While the updated Covid-19 vaccines don’t offer complete protection against a trip to the hospital or urgent care, they do offer important defense against the virus, particularly for seniors, two new studies show.
“Both studies show that there’s quite an important benefit from the bivalent booster that it’s adding quite a lot of extra protection against hospitalization due to Covid-19,” said Ruth Link-Gelles, an epidemiologist at the US Centers for Disease Control and Prevention who co-authored one of the studies. The studies published on Friday in CDC’s Morbidity and Mortality Weekly Report.

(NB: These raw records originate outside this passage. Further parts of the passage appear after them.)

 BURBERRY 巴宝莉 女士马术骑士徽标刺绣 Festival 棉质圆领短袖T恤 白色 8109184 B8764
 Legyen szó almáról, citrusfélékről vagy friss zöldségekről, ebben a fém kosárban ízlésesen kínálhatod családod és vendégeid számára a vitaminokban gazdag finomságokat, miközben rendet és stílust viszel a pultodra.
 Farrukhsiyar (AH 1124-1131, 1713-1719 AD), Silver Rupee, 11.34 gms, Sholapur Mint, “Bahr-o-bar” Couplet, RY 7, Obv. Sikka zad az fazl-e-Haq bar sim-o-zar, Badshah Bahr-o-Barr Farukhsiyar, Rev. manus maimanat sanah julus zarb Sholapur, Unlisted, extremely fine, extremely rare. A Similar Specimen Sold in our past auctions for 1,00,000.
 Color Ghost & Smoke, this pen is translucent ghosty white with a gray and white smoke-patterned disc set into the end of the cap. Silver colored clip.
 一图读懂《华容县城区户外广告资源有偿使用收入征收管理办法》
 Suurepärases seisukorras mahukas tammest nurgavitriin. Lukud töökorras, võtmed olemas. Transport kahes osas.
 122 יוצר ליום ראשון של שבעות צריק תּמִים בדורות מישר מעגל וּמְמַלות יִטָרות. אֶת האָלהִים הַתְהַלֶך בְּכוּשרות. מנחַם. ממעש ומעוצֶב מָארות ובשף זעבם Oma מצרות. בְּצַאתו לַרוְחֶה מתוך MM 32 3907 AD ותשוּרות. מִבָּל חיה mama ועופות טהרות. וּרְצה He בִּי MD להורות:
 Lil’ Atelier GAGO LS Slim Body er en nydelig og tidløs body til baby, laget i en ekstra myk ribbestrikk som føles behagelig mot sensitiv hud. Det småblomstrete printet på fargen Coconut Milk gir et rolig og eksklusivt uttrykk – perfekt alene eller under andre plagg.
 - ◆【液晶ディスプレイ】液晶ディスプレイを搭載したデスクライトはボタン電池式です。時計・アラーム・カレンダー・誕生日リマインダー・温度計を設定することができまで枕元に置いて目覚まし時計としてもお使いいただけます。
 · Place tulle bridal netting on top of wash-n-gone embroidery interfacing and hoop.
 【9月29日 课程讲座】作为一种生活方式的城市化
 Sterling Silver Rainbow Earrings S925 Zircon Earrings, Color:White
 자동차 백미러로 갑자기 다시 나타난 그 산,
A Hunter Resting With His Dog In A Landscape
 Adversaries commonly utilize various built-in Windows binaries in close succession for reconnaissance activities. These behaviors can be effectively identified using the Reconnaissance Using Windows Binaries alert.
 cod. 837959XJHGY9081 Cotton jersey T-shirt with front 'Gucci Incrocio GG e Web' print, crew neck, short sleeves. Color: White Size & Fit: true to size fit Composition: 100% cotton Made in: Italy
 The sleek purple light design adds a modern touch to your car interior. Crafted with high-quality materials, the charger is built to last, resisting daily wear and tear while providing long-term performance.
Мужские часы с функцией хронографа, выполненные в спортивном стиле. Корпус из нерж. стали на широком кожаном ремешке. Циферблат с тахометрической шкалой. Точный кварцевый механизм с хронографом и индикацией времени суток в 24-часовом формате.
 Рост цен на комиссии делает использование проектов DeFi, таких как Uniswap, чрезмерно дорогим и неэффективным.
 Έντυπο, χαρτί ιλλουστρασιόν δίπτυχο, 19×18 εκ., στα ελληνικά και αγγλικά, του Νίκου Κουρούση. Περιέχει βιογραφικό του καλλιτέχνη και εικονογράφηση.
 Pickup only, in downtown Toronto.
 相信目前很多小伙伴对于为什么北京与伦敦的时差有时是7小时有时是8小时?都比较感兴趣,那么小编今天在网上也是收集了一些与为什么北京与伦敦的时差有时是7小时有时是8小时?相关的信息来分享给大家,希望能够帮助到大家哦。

The bivalent boosters made by Moderna and Pfizer/BioNTech target the original coronavirus strain and the Omicron BA.4 and BA.5 subvariants. The shots became available in early September.
The bivalent boosters appear to provide strong protection – up to 84% – against hospitalizations for seniors. When the analysis included younger adults, they provided moderate protection against needing to go to the emergency room or hospital.
In one study, which included adults ages 65 and older who didn’t have compromised immune function and had been hospitalized for Covid-19, researchers estimated the bivalent boosters were 84% effective against hospitalization compared with being unvaccinated, and 73% effective at preventing hospitalizations compared with two or more doses of the original Covid-19 vaccines.
The study drew its data from 798 patients who were admitted to 22 hospitals in 18 states between September 8 and November 30.
Adults over age 65 have always been among the most vulnerable to Covid-19, and current hospitalization data shows that seniors are again being hit the hardest during the latest wave of Covid-19 cases. This wave is being dominated by BQ.1 and BQ.1.1, which are descendants of BA.5. While hospitalizations have begun to rise for all age groups, they are rising faster for seniors.
While 94% of seniors have completed at least their primary series of Covid-19 vaccinations, CDC data shows that only about 36% of this age group have received an updated booster.
A second study released on Friday included younger adults and looked at how effective the updated boosters were at preventing urgent care and emergency room visits, as well as hospitalizations at a network of hospitals in nine states. The study included more than 78,000 urgent care and emergency department visits and more than 15,500 hospitalizations. People who came to the hospital for treatment were eligible to be include in the study if they were over age 18, had tested positive for Covid-19, and didn’t have compromised immune function.
Compared with those who were unvaccinated, those who had gotten an updated booster were 56% less likely to seek care in the emergency room or urgent care, and 57% less likely to be hospitalized.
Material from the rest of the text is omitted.